Isabel Vaughan-Spruce, l'une des victime de la nouvelle loi qui interdit de prier silencieusement autour des avortoirs.

Par Bridget Sielicki (LiveActionNews) — Traduit par Campagne Québec-Vie — Photo : ADF UK

En mars de cette année, le Parlement britannique a adopté une mesure rendant illégale la prière silencieuse à l’extérieur des centres d’avortement. Aujourd’hui, une lettre récente de la ministre britannique de l’Intérieur Suella Braverman pourrait rendre cette loi discutable, car elle indique aux forces de police du pays que « la prière silencieuse, en elle-même, n’est pas illégale ».
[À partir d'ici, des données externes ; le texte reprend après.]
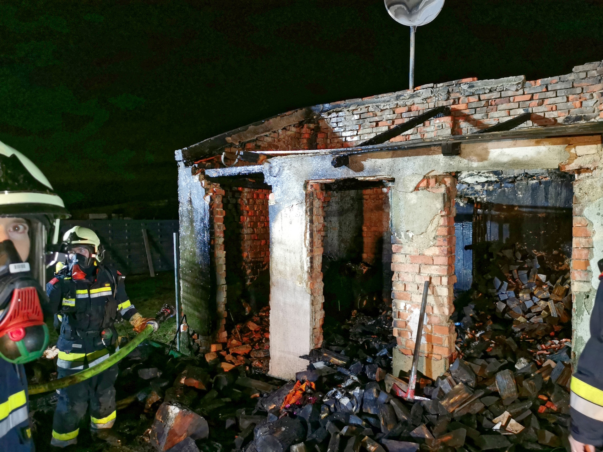Nach dem Brand Aus wurden noch Glutnester abgelöscht, die Umgebung nach möglichen Glutnestern durchsucht und die Brandursachenermittler der Polizei unterstützt.

La lettre de Braverman précise également que « le fait d’avoir des opinions légitimes, même si ces opinions peuvent offenser d’autres personnes, n’est pas une infraction pénale ». Il est généralement admis que la lettre fait référence à la loi sur les zones tampons du pays.

Avec cette loi, le Royaume-Uni a interdit toute forme d’activité pro-vie — y compris la prière silencieuse — à l’extérieur des centres d’avortement du pays. Depuis, plusieurs personnes ont été arrêtées pour « délit d’opinion », dont le père Sean Gough, un vétéran de l’armée nommé Adam Smith-Connor et Isabel Vaughan-Spruce, directrice de March for Life UK. Au moment de leur arrestation, ces trois personnes se tenaient debout, silencieusement et pacifiquement, Isabel Vaughan-Spruce ayant déclaré à la police qu’il était « possible » qu’elle soit en train de prier.